Question- I am used to using microsft picture manager- I had it down pat. Windows 8 does not support that :dash2::dash2: Of course why the heck would they make it easy. Any suggestions? what is easy for the computer yutz. Thanks for any suggestions. M


----------



## kweinert (Nov 15, 2012)

Mike1950 said:


> Computer fried today- I mean fried- lots of smoke- It was a vista system worked great for me- but alas it is going to the garbage.
> Question- I am used to using microsft picture manager- I had it down pat. Windows 8 does not support that :dash2::dash2: Of course why the heck would they make it easy. Any suggestions? what is easy for the computer yutz. Thanks for any suggestions. M



What is it you want to use it for? Since I'm not normally a Windows user I'm not sure how much help I'll be, but in general are you looking for resizing, managing, displaying, ???

I just did a quick check and it looks like you should be looking at Windows Live Photo Manager.


----------



## healeydays (Nov 15, 2012)

Mike1950 said:


> Computer fried today- I mean fried- lots of smoke- It was a vista system worked great for me- but alas it is going to the garbage.
> Question- I am used to using microsft picture manager- I had it down pat. Windows 8 does not support that :dash2::dash2: Of course why the heck would they make it easy. Any suggestions? what is easy for the computer yutz. Thanks for any suggestions. M



If you are looking to buy a machine now, you can still get windows 7 on a leftover machine and they just hand you a dvd with windows 8. You could sell the windows 8 to someone that would want it helping keep your costs down.

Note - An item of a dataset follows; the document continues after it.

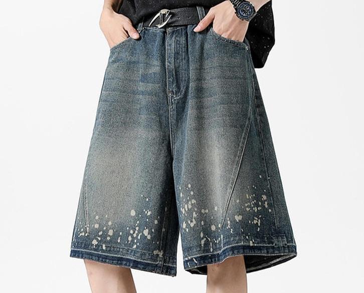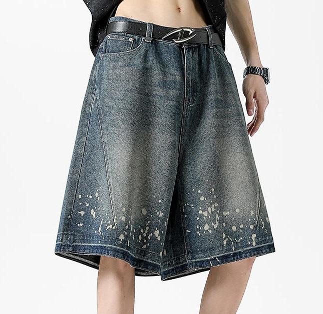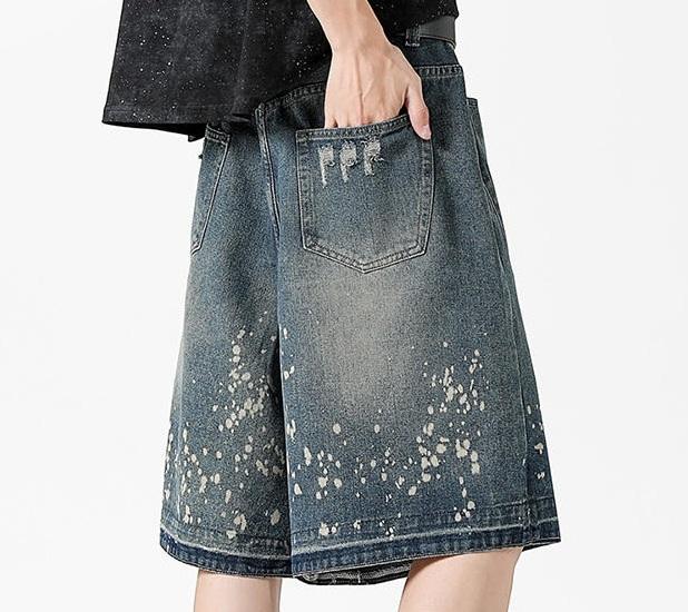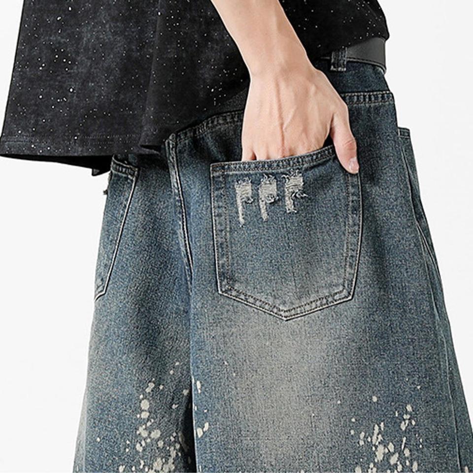 Factory Made Wholesale Price High Street Vintage Washed Ripped Denim Shorts Men's Loose Straight Denim Shorts for Men 2025

Windows 8 is nice, but if you won't use the bells and whistles, don't sweat it. What else do you do with your computer?

Mike B
Been in computers since mid 70s...


----------



## Mike1950 (Nov 16, 2012)

healeydays said:


> Mike1950 said:
> 
> 
> > Computer fried today- I mean fried- lots of smoke- It was a vista system worked great for me- but alas it is going to the garbage.
> ...



Mike, Already have the new computer. I do very little with it. Couple blogs, c-list, e-bay pictures and stock market. All I want is something simple-I know good luck. I was perfectly happy with my vista but obviously took a dislike with me and took a permanent hike.


----------



## Mike1950 (Nov 16, 2012)

kweinert said:


> Mike1950 said:
> 
> 
> > Computer fried today- I mean fried- lots of smoke- It was a vista system worked great for me- but alas it is going to the garbage.
> ...



Thanks I will check that.


----------



## duncsuss (Nov 16, 2012)

Take a look at Google's Picasa. It catalogs pix, lets you edit them, etc. Free.

I used it a lot before I got Adobe Lightroom (which somebody else paid for, or I'd still be using Picasa )


----------